The scale of commercial content moderation is really difficult to imagine. See above for a photo from a talk by the legal scholar Evelyn Douek (via Masnick). In half an hour, Facebook takes down more than 600,000 pieces of content—and of course, it decides to leave up a lot of content as well after taking a look at it. Scale is a logistical problem with no clear solution. What would it even mean to moderate the content “accurately”? And even if moderation is accurate, that’s still a problem:
If there’s a 99.9% accuracy rate, it’s still going to make “mistakes” on 350,000 images. Every. Single. Day. So, add another 350,000 mistakes the next day. And the next. And the next. And so on.
But if scale is a logistical problem with no clear logistical solution, there is one big difference. Not all posts are the same. Most social media posts are not seen by anyone. Some posts are seen by a lot of people. And it’s not clear which posts will be seen by no one and which will be seen by lots of people; that’s the problem of “virality” (on which more below). In other words, if social media allows “speech,” it does not necessarily guarantee “reach.” You are quite likely to be someone who posts a lot but whose posts are never read by anyone. Or you might get lucky and find your post going viral.
But the possibility of virality means that (a) perhaps we don’t need to apply exacting standards to a post if it’s just going to fade into the ether, but then (b) on the other hand, what if we didn’t apply those exacting standards and it did become viral? More on that in the section on virality but before we go there, there’s a bigger problem: what’s the context that makes a post “appropriate?” That’s what I’m calling “context collapse.”
Context collapse
The legal theorist Helen Nissenbaum has coined a concept called “contextual integrity” to think about the question of privacy. Nissenbaum argues that people live their life in disparate zones and there are different norms around information transmission in those zones. As she puts it:
People “are at home with families, they go to work, they seek medical care, visit friends, consult with psychiatrists, talk with lawyers, go to the bank, attend religious services, vote, shop, and more. Each of these sphere, realms, or contexts involves, indeed may even be defined by, a distinct set of norms, which governs its various aspects such as roles, expectations, actions, and practices.”

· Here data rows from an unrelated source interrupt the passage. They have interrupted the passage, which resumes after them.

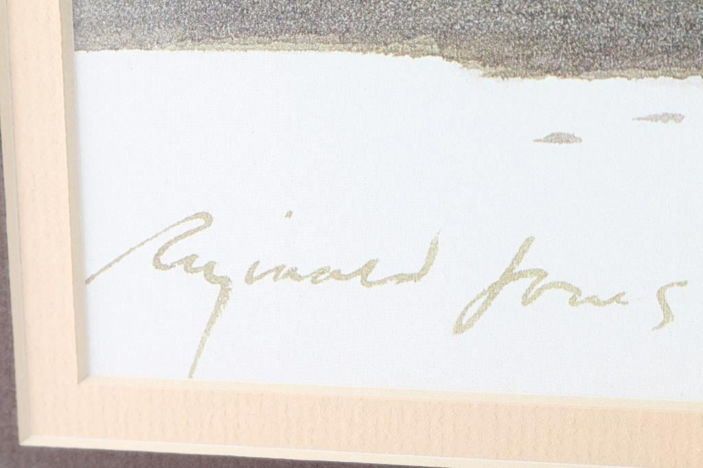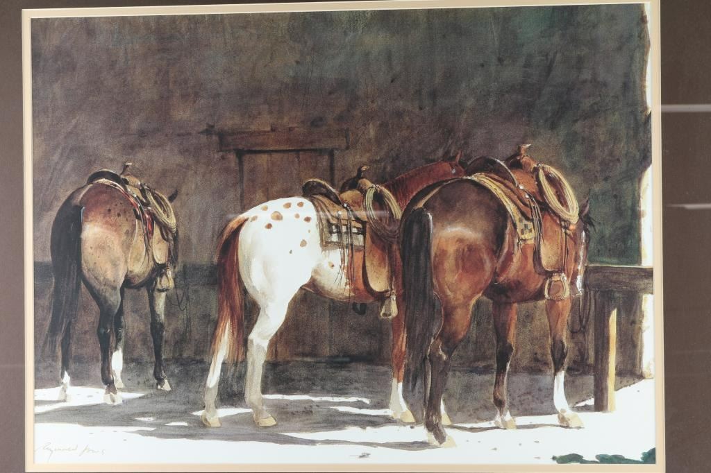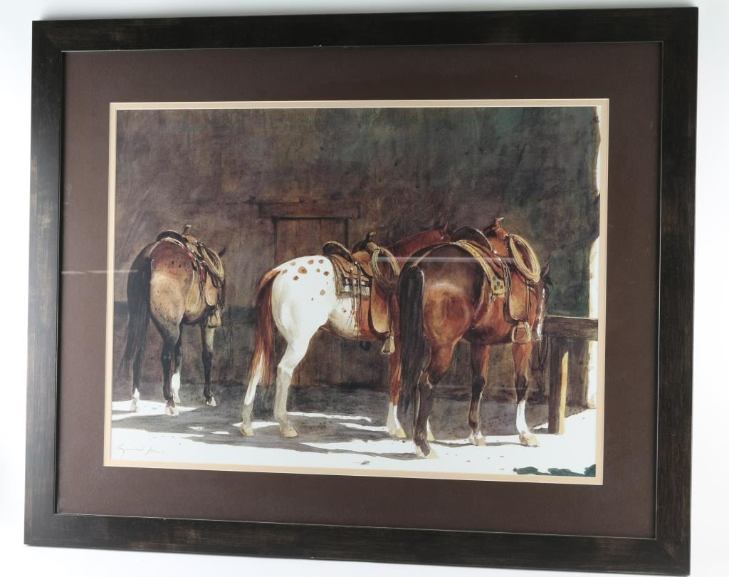 By Raymond James, depicting saddled horses at hitching post, in framed and double matted frame, measuring 28x22
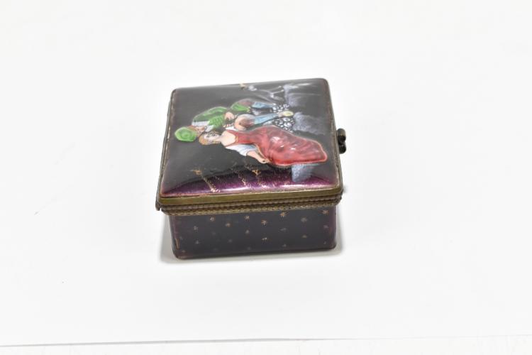 Lot 1550 of 2131: LIMOGES; an enamelled rectangular trinket box painted with a young couple beside their hound on a purple ground, the whole box with gilt star decoration on the same purple/aubergine ground, 8 x 6.5cm.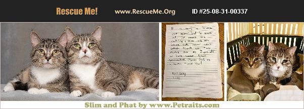 Phat and Slim are three-year-old, shy and sweet, brother patch tabby cats looking for a loving guardian. Phat is 11 pounds and Slim is 9 pounds. These boys were abandoned by their human when he moved from their apartment. He left them in their carrier full of food and water in the hot July sun. A neighbor saw him and asked him to bring them indoors which was a bit cooler. She reached out to the local fire department, who in turn reached out to me for help. The boys who had never seen a vet before, but are now very healthy, neutered, dewormed, vaccinated for rabies and distemper, microchipped, and virus-tested negative. Phat and Slim adore each other and sometimes play fight as brothers do. They are looking for someone with room in their heart and home for two fun felines. They are wonderful in the home. They use their litter box and scratching post like good boys. They just need a family to share their life with. To meet and possibly adopt Phat and Slim, please fill out an adoption application https://friendsofpetraits.com/cat-adoption-application/ After the application is complete, please contact [email protected] to schedule an appointment to meet them. Their adoption fee of $175 as a pair benefits the Friends of Petraits Rescue. They are currently being fostered in Chicago.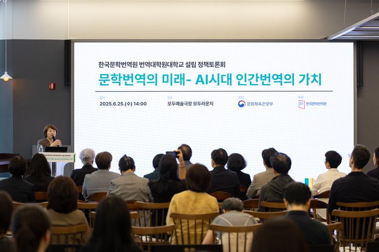 문체부와 번역원은 25일 오후 서울 서대문구 모두예술극장에서 ‘문학번역의 미래-인공지능(AI) 시대 인간 번역의 가치’를 주제로 번역대학원대학교 설립 정책토론회를 개최했다.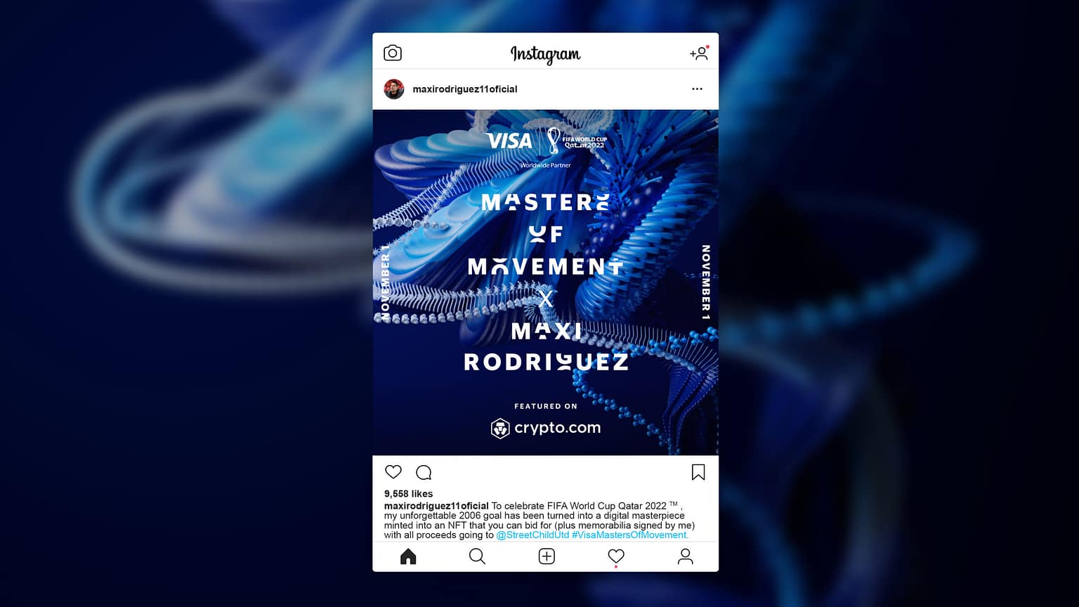 In the build-up to the tournament, iconic moves from five legendary players – Michael Owen, Tim Cahill, Jared Borgetti, Carli Lloyd and Maxi Rodriguez – were transformed into works of art, minted as NFTs, and auctioned on Crypto.com, with all proceeds going to the charity Street Child United.

In other words, there are a set of norms about the disclosure of information related to particular activities. You might be much more frank about your health problems with your close friends and your doctor. Your doctor might talk about your health problems with another doctor, especially if they need help. But typically, you would not talk about your health problems with your work colleagues or friends that you are not that close to. And the doctors with whom you share your health problems do not share it with their other patients. You would tell your friends about the party you went to last night and what happened there; but you would probably not share it with your work colleagues or your boss—unless those work colleagues were also your good friends. The context of “health” is kept separate from the context of “work” and the context of “friends.” 4
But these sort of distinctions that play an important role in everyday life just collapse on social media, a phenomenon that analysts like danah boyd and Alice Marwick and others have called “context collapse.”5
Consider a person who posts a lot on social media. Since the platform I follow the most is Twitter, let’s focus on that (although this would apply to just about any platform). People who post prolifically on Twitter will post on many different things. Here is a hypothetical profile on Twitter with a sequence of tweets:
A post about how the murder of the UnitedHealth CEO was justified
Another post about how burned out the poster is at the end of the semester
A post about the poster’s kids and the painting they did with a picture of the said painting
A post about how the poster’s mixer-grinder stopped working today
A post about the cookies the poster baked
A long detailed thread about an article the poster published in their professional capacity as a researcher
And so on …
Notice how many contexts these posts straddle. A political opinion is mixed with a personal incident and a professional achievement.
This is standard for social media, and what’s more, it’s part of what makes a social media poster authentic to his readers: the authenticity is partly derived from the mixing of contexts, i.e. context collapse. It’s because the poster shares information with their reader about all these different contexts that their readers think they are genuine.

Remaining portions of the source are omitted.